Highlights & Insights¶
- Elegant "Trio" of DP-PCA + Linear Reward + Clustering: Each component solves a specific pain point of high-dimensional DP training (sample efficiency / expressivity / heterogeneity). The combination crosses the utility-privacy boundary.
- Maximizing Post-processing Property: Synthesis detaches the data from DP control, allowing for arbitrary reuse—a fundamental advantage of DP synthesis over DP fine-tuning that this paper fully exploits.
- "DP as Regularization" Phenomenon: DPPrefSyn at \(\varepsilon=2\) outperforms the non-private baseline, suggesting DP noise acts as a regularizer on heterogeneous data, mitigating overfitting to specific annotator biases.
- Insight on Public vs. Private Prompts: The authors argue that "user preference decouples from prompt distribution," allowing public prompts to carry private preferences—a logic applicable to other preference tasks (recommendation, advertising).
Limitations & Future Work¶
- The linear reward assumption might be too strong; it lacks expressivity for non-linear preferences (e.g., compositional or long-range dependency judgments).
- The choice of \(K=5\) clusters lacks a principled method and relies on heuristics; too many or too few clusters hurt performance.
- If public prompt distributions deviate severely from private ones, coverage may be insufficient; there is a lack of quantitative analysis on distribution shift.
- Validation is limited to Pythia-2.8B; biases from DP-PCA dimension reduction might be amplified in larger models (e.g., 13B+).
Related Work & Insights¶
- vs DP-FT / DP-PPO / DP-RLHF: These fine-tune the alignment model directly; budgets must be re-spent for every algorithm or model change. DPPrefSyn: DP once, reuse many times.
- vs label-DP (Chowdhury / Zhang): Protections are label-only; prompts are still leaked. DPPrefSyn protects everything.
- vs DP synthetic instructions (Yu 2024): General instruction synthesis isn't optimized for preference. DPPrefSyn synthesizes preference pairs directly for better alignment.
- vs Aug-PE (Xie 2024): Generic text synthesis via LLM API iterations. DPPrefSyn is more specialized for preference pairs using the BT geometric structure.
- Insight: Replacing "DP direct training" with "DP learn abstraction \(\rightarrow\) Synthetic data \(\rightarrow\) Reuse" can be generalized to many supervised tasks requiring label protection (medical, legal, recommendation).
Rating¶
- Novelty: ⭐⭐⭐⭐⭐ First dedicated DP preference pair synthesis; systematic strategy combining BT geometry + DP-PCA + clustering.
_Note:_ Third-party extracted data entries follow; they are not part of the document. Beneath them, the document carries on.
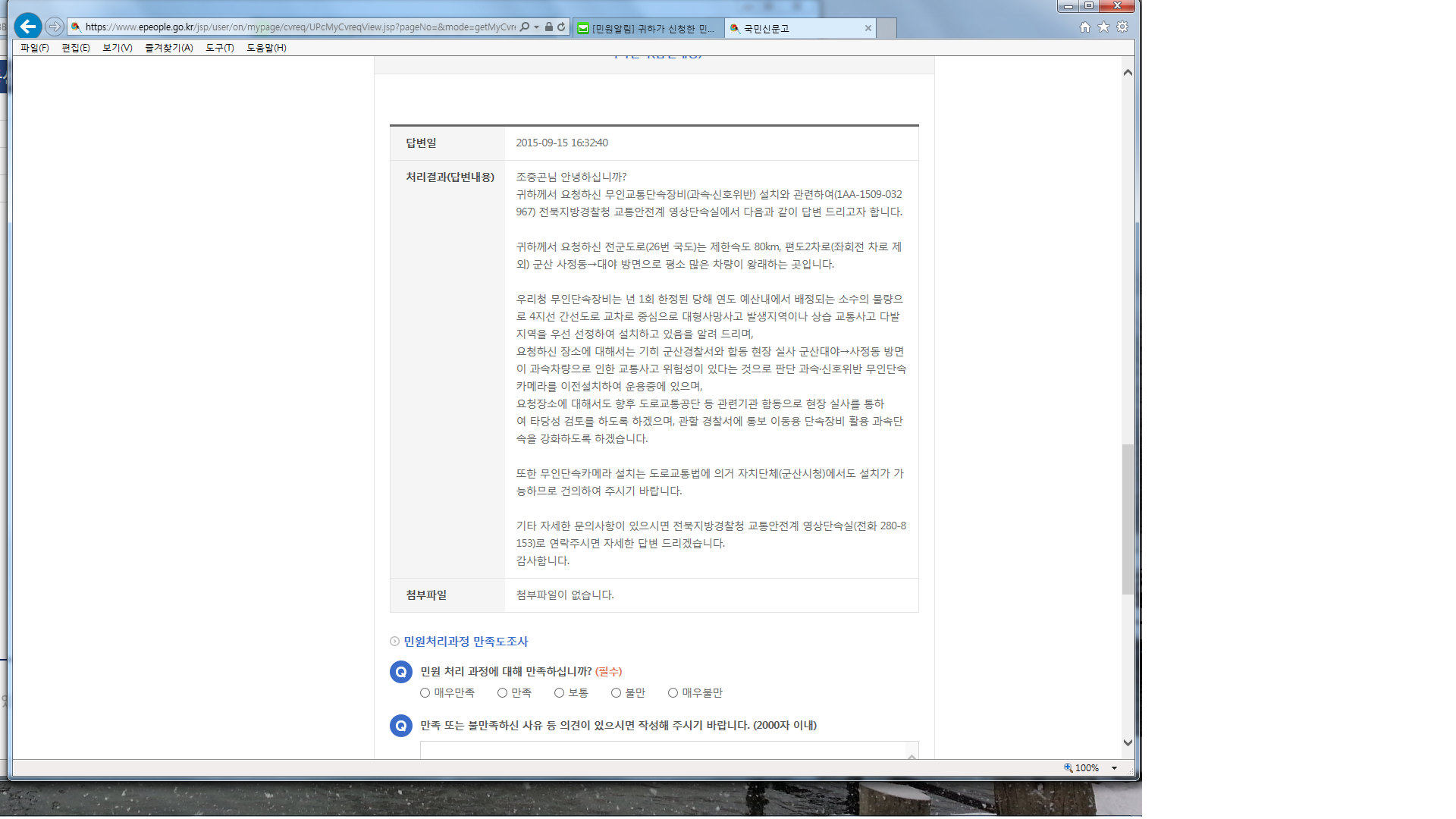 평소 시정 발전에 참여하여 주신 귀하께 깊은 감사를 드립니다. 무인교통단속카메라(속도· 신호위반카메라) 신설 여부는 전북지방경찰청 교통안전시설 심의위원회에서 결정·설치되는 사항이며, 운영권은 전북지방경찰청에 있습니다. 무인교통단속카메라 설치는 경찰청과 지방자치단체에 있으나, 우리시에 교통단속카메라 설치 요청의 지속적인 증가로 많은 재정이 소요되어, 열악한 지방재정으로 인해 예산을 확보하는데 어려움이 있습니다. 많은 양해 바라며 귀하께서 요구하신 지점은 전북지방경찰청에 타당성 검토 및 설치 건의토록 하겠습니다. 자세한 문의사항은 아래를 참고하시어 문의하여 주시면 성실히 답변드리겠습니다. ※ 전북지방경찰청 경비교통과(무인영상실) ☎ 280-8153 ※ 군산시청 교통행정과 ☎ 454-7912 |
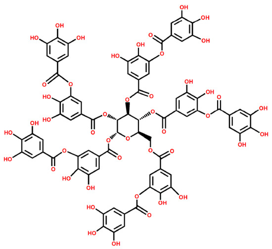 Figure 11 shows EDX spectrum and SEM images of G and TA-G. The red square represents the area of the X-ray scan spectrum. The data in the table represented the relative mass fraction and atomic percentage of carbon and oxygen in the graphite before and after the modification, respectively. The molecular formula of TA is C76H52O46 and the structural formula is shown in Figure 12. The atomic percentage of the oxygen atoms in TA-G (1.99%) was obviously higher than that in G (1.18%), which further proved that the molecules of TA were successfully adsorbed onto G.
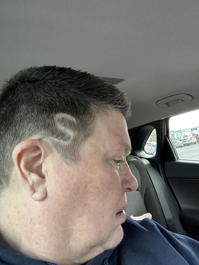 In fact, it was just long enough at the time of my twin granddaughters’ fifth birthday party to have their initials shaved into the sides of my head. Yeah, I was the cool grandma that day.
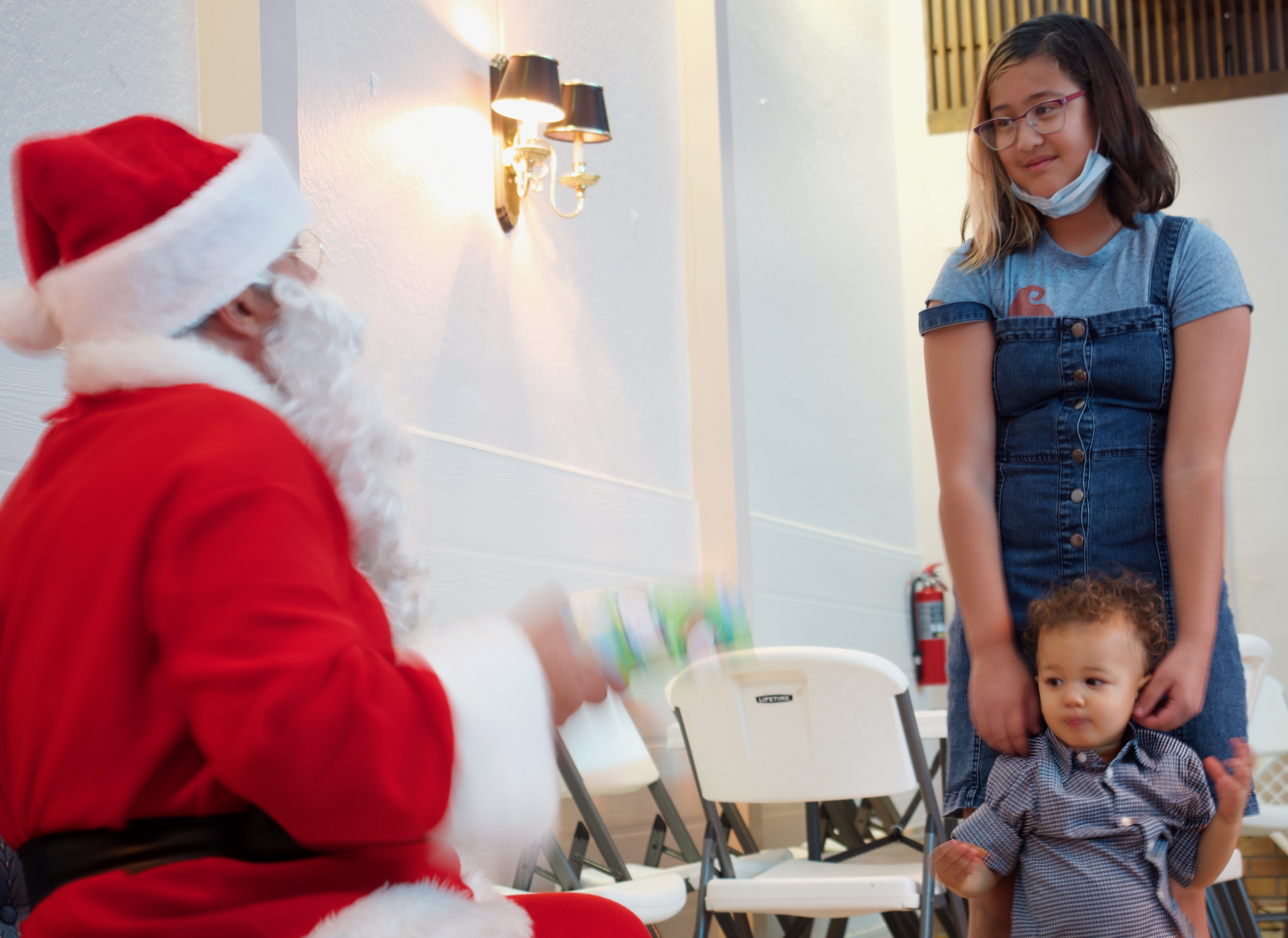 Eliot Toomepuu and Alexis with Santa. Jõulud. Kesk Florida Eesti Selts, 7. dets. 2019. Seminole, FL.

- Experimental Thoroughness: ⭐⭐⭐⭐⭐ 3 tasks × 5 \(\varepsilon\) values × multiple models × detailed ablation; comprehensive head-to-head with DP-FT.
- Writing Quality: ⭐⭐⭐⭐ Clear three-step algorithm; budget allocation well-explained; Fig 1 is intuitive; geometric arguments for BT-clustering could be deeper.
- Value: ⭐⭐⭐⭐⭐ DP alignment is a compliance necessity for enterprise LLM deployment; providing a pipeline ready for industry adoption.